COVID-19 Pandemic Vulnerable to Exploitation by Proliferators, Terrorists & Criminals

  • Opinion by Richard Cupitt (washington dc)
  • Inter Press Service
  • Richard Cupitt is a Senior Fellow and Director of the Partnerships in Proliferation Prevention program at Stimson. His areas of expertise include WMD nonproliferation, export controls, and foreign policy.

As UN Secretary-General António Guterres noted in a recent address to the UN Security Council, the focus on the pandemic has created new opportunities for terrorists to exploit.
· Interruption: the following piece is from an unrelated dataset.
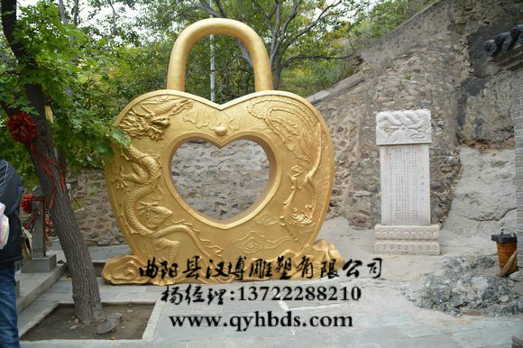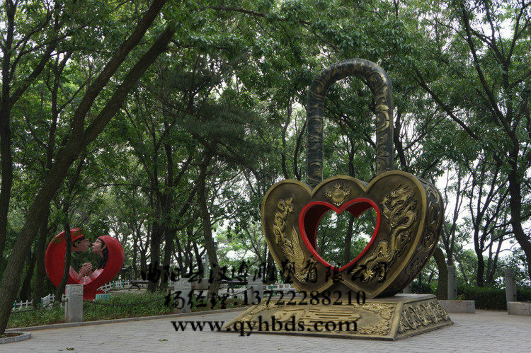 创意心形锁爱情主题雕塑_商业步行街玻璃钢仿铜雕塑

In the realm of biological and chemical weapons proliferation, three important instruments and their related institutions must meet the challenge of doing their important work under widespread travel bans, social distancing and misinformation campaigns: the Chemical Weapons Convention (CWC) and the Organisation for the Prohibition of Chemical Weapons (OPCW); the Biological and Toxin Weapons Convention (BWC) and the BWC Implementation Support Unit (BWC-ISU); and United Nations Security Council resolution 1540 (2004) and the 1540 Committee.

COVID-19, the CWC and the OPCW

Although much smaller than the International Atomic Energy Agency (IAEA) in staff and budget, the Organisation for the Prohibition of Chemical Weapons (OPCW) must facilitate the implementation of arguably a more extensive verification regime under the Chemical Weapons Convention (CWC), with tens of thousands of potentially inspectable facilities located in almost every country in the world, a challenge that a pandemic only magnifies.

The OPCW Director-General Fernando Arias set up an internal task force to monitor COVID-19 and its potential impact on the organization in late January and then responded swiftly to March guidance issued by the Netherlands (which hosts the headquarters of the OPCW) and by the World Health Organization (WHO) to have approximately 90% of the OPCW's 500 plus staff work remotely, while cancelling all non-essential travel, including for training, through May 1.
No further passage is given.